La sentencia, que reconoce la atenuante de dilaciones indebidas (por lo que se ha reducido la pena solicitada en seis meses), asegura que «que teniendo en cuenta que la Cueva de Chaves era posiblemente uno de los dos yacimientos neolíticos más importantes de la Península Ibérica, resulta censurable e inexplicable que la cueva no contara con una protección específica, es decir, que no existiera una resolución que la declarara expresamente como Bien de Interés Cultural».

La Audiencia de Huesca condena a Victorino Alonso García por ser el autor «penalmente responsable de un delito sobre el patrimonio histórico [...], sin la concurrencia de circunstancias modificativas de la responsabilidad penal, a las penas de dos años y seis meses de prisión y a la inhabilitación especial para el derecho al sufragio pasivo durante el tiempo de condena, debiendo indemnizar a la Diputación General de Aragón (DGA) en la cantidad de 25.490.805 euros, cantidad de la que responderá subsidiariamente la empresa Fimbas S.A y debiendo satisfacer las costas de este proceso, quedando absuelto del delito contra el medio ambiente que se le imputaba».

Alonso culpa al Gobierno de Aragón

Durante la vista oral, el empresario minero se mostró tranquilo durante toda su declaración en la que, según ya hizo durante la fase instructora, señaló que no era administrador ni de Fimbas ni de Ferpi, empresa que gestionaba el coto donde se ubicaba el yacimiento y la que realizó las obras, respectivamente.

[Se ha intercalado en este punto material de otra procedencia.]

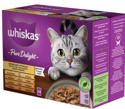 Whiskas Pure Delight hrana umeda pentru pisici adulte cu carne de pasare in aspic 12 x 85 g

En ambas sociedades, según remarcó, tenía participación mayoritaria, pero en ningún caso se encargaba de la gestión, limitándose a acudir al coto para cazar. Es más, Alonso aseguró que no tenía conocimiento de la existencia de un yacimiento y lamentó su destrucción, remarcando que durante estos años ha mostrado su interés sobre los daños que allí se hubiera ocasionado.

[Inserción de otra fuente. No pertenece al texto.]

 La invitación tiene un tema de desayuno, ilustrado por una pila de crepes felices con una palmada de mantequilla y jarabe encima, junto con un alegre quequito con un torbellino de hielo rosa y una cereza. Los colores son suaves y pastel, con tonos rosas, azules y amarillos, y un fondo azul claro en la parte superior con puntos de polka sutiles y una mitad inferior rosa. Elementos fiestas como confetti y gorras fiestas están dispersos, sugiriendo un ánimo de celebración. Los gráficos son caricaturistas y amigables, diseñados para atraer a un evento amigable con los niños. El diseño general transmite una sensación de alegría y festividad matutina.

En cualquier caso, el empresario apuntó directamente al Gobierno de Aragón así como al director de la excavación, ya fallecido, como culpables de la destrucción de este yacimiento. Uno, por no señalizar debidamente la zona; el segundo, por plantear la necesidad de que se limpiase esa zona.

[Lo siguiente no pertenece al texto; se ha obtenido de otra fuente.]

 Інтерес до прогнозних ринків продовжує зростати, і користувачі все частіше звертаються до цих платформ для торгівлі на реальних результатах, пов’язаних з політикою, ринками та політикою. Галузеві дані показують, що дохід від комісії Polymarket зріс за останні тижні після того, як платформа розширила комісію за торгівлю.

Destrucción del yacimiento

Ya han pasado ocho años desde que se conociera la destrucción de este yacimiento neolítico, considerado como uno de los dos más importantes de la Península Ibérica, tras la intervención de dos empresas del grupo del empresario minero, principal imputado por este caso. A comienzos de 2009, tras la visita de Vicente Baldellou —director de las excavaciones arqueológicas que se venían desarrollando durante más de treinta años en el interior de la cueva— se hizo público que había sido arrasado todo el nivel neolítico (y parte del paleolítico) por maquinaria pesada, según recuerda leonoticias.com

La Cueva de Chaves era, junto a la Cova de l'Or de Alicante, el más importante yacimiento neolítico de la Península Ibérica. Teniendo en cuenta que aún faltaba por estudiar más del 90% de su espacio, el daño causado es incalculable y supone un atentado contra el patrimonio histórico de primer orden.